## EXERCISE PROMPT:
Below is a listing. Return the lines from the one that contains "Are you distraught, shell-shocked, or" to the one that contains "二、新老機(jī)場燈具數(shù)量與種類不同", both ends included, verbatim and with no pictures.

## RECORD EXTRACTS:
- - -

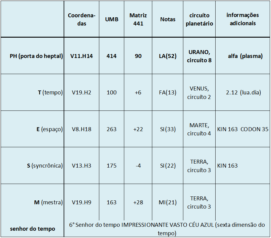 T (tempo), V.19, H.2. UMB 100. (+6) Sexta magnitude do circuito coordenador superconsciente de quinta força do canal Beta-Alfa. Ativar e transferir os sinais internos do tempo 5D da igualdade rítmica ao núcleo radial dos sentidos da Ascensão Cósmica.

- - -

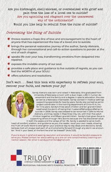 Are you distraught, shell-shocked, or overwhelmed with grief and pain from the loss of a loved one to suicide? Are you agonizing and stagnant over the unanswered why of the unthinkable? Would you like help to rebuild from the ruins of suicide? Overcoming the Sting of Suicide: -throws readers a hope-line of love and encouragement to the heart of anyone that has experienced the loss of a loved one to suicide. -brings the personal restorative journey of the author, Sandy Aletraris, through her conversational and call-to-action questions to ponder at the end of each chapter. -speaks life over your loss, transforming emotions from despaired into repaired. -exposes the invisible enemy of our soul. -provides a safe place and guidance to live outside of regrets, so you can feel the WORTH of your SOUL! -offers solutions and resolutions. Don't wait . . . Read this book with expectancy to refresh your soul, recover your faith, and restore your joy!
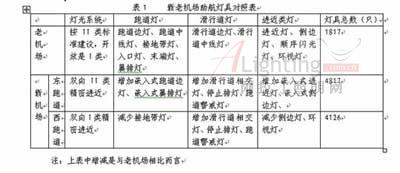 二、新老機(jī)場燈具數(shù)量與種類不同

- - -

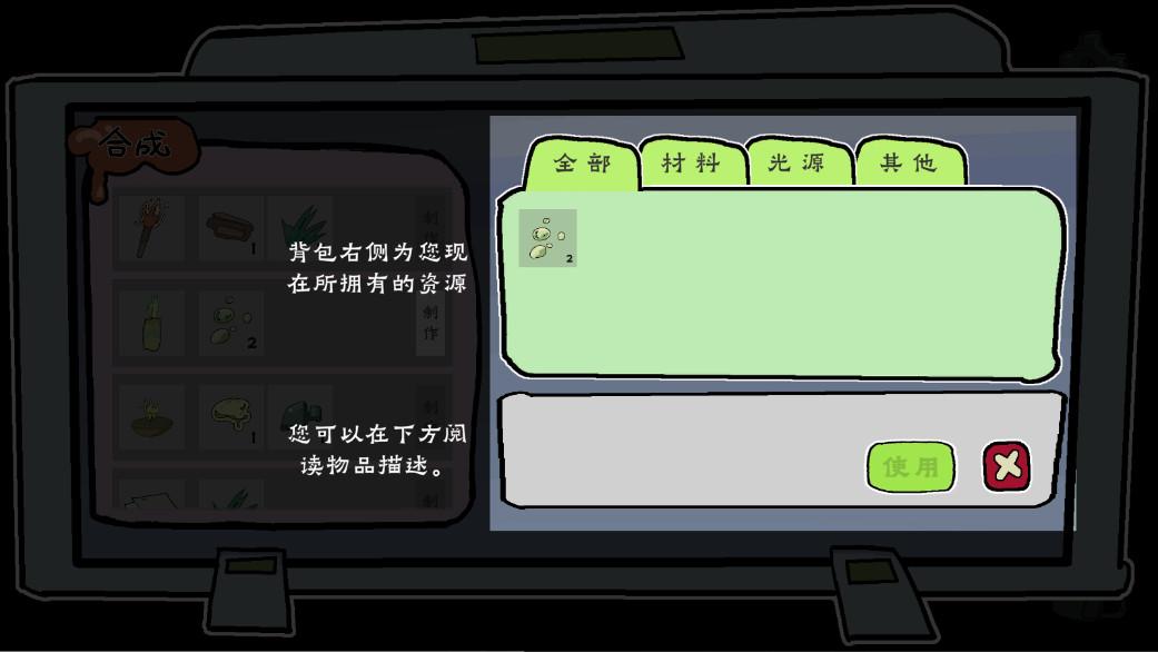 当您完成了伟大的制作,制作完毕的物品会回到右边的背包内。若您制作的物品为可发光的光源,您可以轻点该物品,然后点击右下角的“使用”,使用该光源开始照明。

- - -

## EXERCISE ANSWER:
 Are you distraught, shell-shocked, or overwhelmed with grief and pain from the loss of a loved one to suicide? Are you agonizing and stagnant over the unanswered why of the unthinkable? Would you like help to rebuild from the ruins of suicide? Overcoming the Sting of Suicide: -throws readers a hope-line of love and encouragement to the heart of anyone that has experienced the loss of a loved one to suicide. -brings the personal restorative journey of the author, Sandy Aletraris, through her conversational and call-to-action questions to ponder at the end of each chapter. -speaks life over your loss, transforming emotions from despaired into repaired. -exposes the invisible enemy of our soul. -provides a safe place and guidance to live outside of regrets, so you can feel the WORTH of your SOUL! -offers solutions and resolutions. Don't wait . . . Read this book with expectancy to refresh your soul, recover your faith, and restore your joy!
 二、新老機(jī)場燈具數(shù)量與種類不同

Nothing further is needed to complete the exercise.